Comparability issues

Fortunately, compatibility issues, such as those involving Hive UDFs, were largely manageable. We could either use Hive UDFs directly in Spark or rewrite queries to accommodate differences. Here are some notable points:

Setting variables in queries

Set variables in a query are not supported by Trino and Spark.

Issue: Hive allowed setting variables within queries for time calculations, a feature not supported by Trino or Spark.
Solution: We utilized Python functions in Airflow to perform time calculations and passed these as execution variables to both Trino and Spark.

Resource-intensive task challenges

Limited Spark memory resulting in slower jobs

Spark tasks were too slow compared to Hive.
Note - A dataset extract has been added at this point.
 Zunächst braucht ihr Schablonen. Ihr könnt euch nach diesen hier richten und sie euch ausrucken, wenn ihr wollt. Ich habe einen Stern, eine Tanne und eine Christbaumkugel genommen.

Issue: Some Hive tasks used over 100TB of memory at peak, but Spark tasks were limited to about 10% of the peak memory, resulting in slower jobs.
Solution: We worked on increasing the memory allocation for Spark tasks to better accommodate these demands.
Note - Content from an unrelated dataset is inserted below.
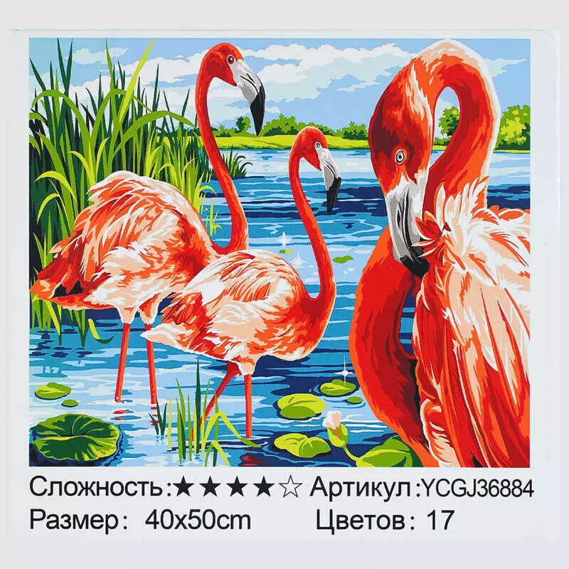 Картина за номерами YCGJ 36884 (30) "TK Group", 40х50 см, “Яскраві фламінго”, в коробці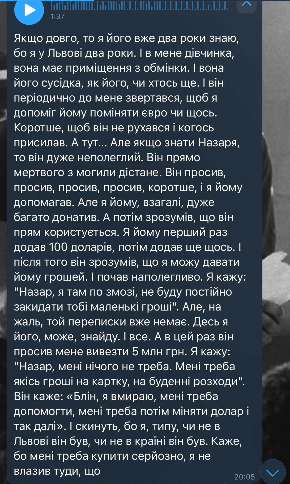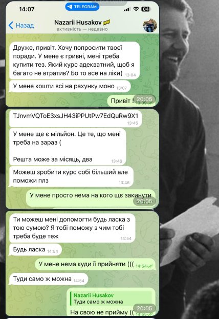 Денис, який сам вийшов на звʼязок з одною з користувачок, розповів, що протягом двох років допомагав Назарію з обміном валюти, іноді — з власних коштів. Проте з часом, за його словами, Назар почав зловживати допомогою — надсилав дедалі більше запитів на перекази, включно з проханням "вивести 5 мільйонів гривень". У коментарі Денис уточнив, що Назар не надсилав йому жодних ліків чи рецептів — лише просив поміняти долари, купити криптовалюту або переказати кошти назад.

Memory usage discrepancies

Spark used more memory than Hive.

Issue: Spark required a higher memory footprint than Hive but delivered superior CPU efficiency, improving performance by approximately 2.4 times. However, achieving speeds equivalent to Hive sometimes required substantial memory resources, necessitating careful planning and resource allocation.
Solution: Disabling Spark's adaptive options like skewJoin and coalescePartition could save memory, though this was not recommended due to potential slowdowns in execution.

# Setting the option below to false could save memory, but it might slow down execution. However, it may be necessary if the task reaches the physical memory limit
spark.sql.adaptive.skewJoin.enabled
spark.sql.adaptive.coalescePartitions.enabled

Small file generation

Spark generated many small files.

Issue: The use of many executors and numerous shuffle partitions led to the generation of a large number of small files.
Solution: As our operations were SQL-based, our primary approach was to use the DISTRIBUTE BY clause in SQL to better manage file output and reduce the proliferation of small files.

By addressing these challenges through strategic use of Apache Spark, we effectively complemented Trino's capabilities, ensuring that our data processing infrastructure remained robust, efficient, and scalable. This approach allowed us to tackle complex tasks while maintaining high performance and resource efficiency.

Still remaining challenges in progress

While we've made significant strides in addressing our data processing challenges, some tasks remain in progress. For instance, we continue to tackle a task that involves processing and updating a total of 9 TB of data, with each partition comprising 600GB, on a daily basis. Our current strategies under consideration include:

Data restructuring

By revisiting the structural design of our datasets, we aim to streamline operations and reduce unnecessary data updates.

Bucketing

Implementing user-id-based bucketing was considered to manage dataset size more effectively.

Exploring new technologies like Apache Iceberg

Although Iceberg promises advanced data management capabilities like schema evolution and partition pruning, its implementation feasibility remains challenging due to existing infrastructure constraints.

Conclusion

The migration from Hive to Trino and Spark has been transformative, unlocking new analytical possibilities and enhancing data processing frameworks. Despite challenges, the insights gained highlight the transformative power of these platforms. As we refine strategies and explore innovations like Apache Iceberg, our dedication to advanced solutions remains unwavering, driving efficiency and innovation in our data practices.

We hope our migration experiences provide valuable insights and inspire others embarking on similar journeys. Thank you for engaging with our story; we invite discussions to further explore this exciting topic.